African and European Youth and Globalization
African student leaders like Ndiaye, Kutuklui, and van den Reysen vociferously denounced Eurafrica as a political and economic project. And yet, by inserting themselves in conversations about youth, development, and global transformation that were unfolding across France, Europe, and Africa, these young Africans were in many ways helping to create an Afro-European public sphere and a shared conceptual repertoire about youth, agency, pluralism, and global change. A central anchor of that repertoire was Daniel Halévy’s widely read 1948 treatise, Essay on the Acceleration of History. Halévy’s Essai was a meditation on modernity and what we would now call globalization—but it was also an aperçu of “Europe” and what distinguished Europe and Europeans from other “peoples” and civilizations. Laden with orientalist tropes about the immobility of Eastern societies, the Essai defined Europe as a fundamentally “youthful” civilization that grows, invents, and innovates: “It was in Europe that the idea to change the world originated.”91
Halévy’s tone and style are reminiscent of the Romantic historiography of the nineteenth century.

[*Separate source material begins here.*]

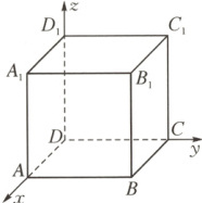 4.BCD根据题意可知点C₁的坐标为(0,2,2),故A错误;由空间直角坐标系可知A(2,0,0),$\overrightarrow{CA}$=(2,-2,-2),故B正确;由空间直角坐标系可知B(2,2,0),D₁(0,0,2),故BD₁的中点坐标为(1,1,1),故C正确;点B₁的坐标为(2,2,2),关于y轴的对称点为(-2,2,-2),故D正确.

In fact, the Essai begins with an extended quotation from Michelet: “The pace of time has totally changed,” Michelet wrote in 1872. “In the average man’s lifespan (typically 72 years), I have witnessed two great revolutions, which in the past, would have likely been separated by a thousand years’ interval.” This reflection, Halévy argues, was worth revisiting in 1948, a time when “the ground has disappeared beneath our feet; in fact there is no more history, just an obscure movement of peoples.”92 Halévy’s Essai bridges a very nineteenth-century way of thinking about historical acceleration and late-twentieth-century theories of the shifting terrains of temporality and the diffuse and impersonal “forces” associated with globalization.93 The Essai asks how people could regain the reins of those forces, but Halévy did not propose a clear course of action. Nevertheless, he did provide a new vocabulary that resonated strongly with those concerned with education and the formation of youth, as well as with young people themselves.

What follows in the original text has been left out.